Darrah adds that the events of Veilgaurd are happening with a narrative goal for the future of the series. “It’s a game that takes the ball that Inquisition had, puts its own spin on it, has its own characters, takes its own direction, but continues on a path forward into the future,” he says.

For Busche, balancing newcomers and fan expectations in Veilguard is about managing the lore. He says Veilguard takes place in a part of Thedas that BioWare has only hinted at. The team has talked about the Grey Warden stronghold of Weisshaupt, the depths of Arlathan Forest, the Rivain Shores, the Great Nevarran Necropolis, and Minrathous, but now players will finally get to travel to the locations from those stories.

Epler tells me that Veilguard is different from Inquisition and other Dragon Age games in that Rook, the player character, can’t save the world without the heroes he meets along the way.
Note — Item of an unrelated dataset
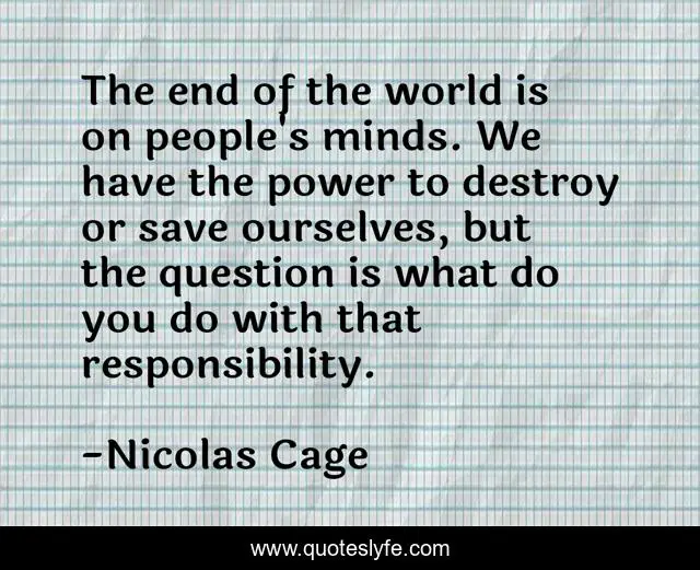 This page presents the quote "The end of the world is on people's minds. We have the power to destroy or save ourselves, but the question is what do you do with that responsibility.". Author of this quote is Nicolas Cage. This quote is about world, end, responsibility,.

While he’s biased for obvious reasons, Epler says Veilguard is his favorite Dragon Age game he’s worked on (and he’s worked on every single one, starting as a QA tester on Origins). He says part of the reason is the storytelling in characters, companions, and relationships.

Dragon Age: The Veilguard Dreadwolf Cover Story Game Informer

“They have their friendships, they have their rivalries, and they lean into that concept,” he tells me. “You’re not just gathering a group of people who are going to do whatever you tell them to do. You’re creating a family, and that becomes the heart of what Veilguard is. It’s about taking that group, that found family, and saving the world, shoulder to shoulder with them.”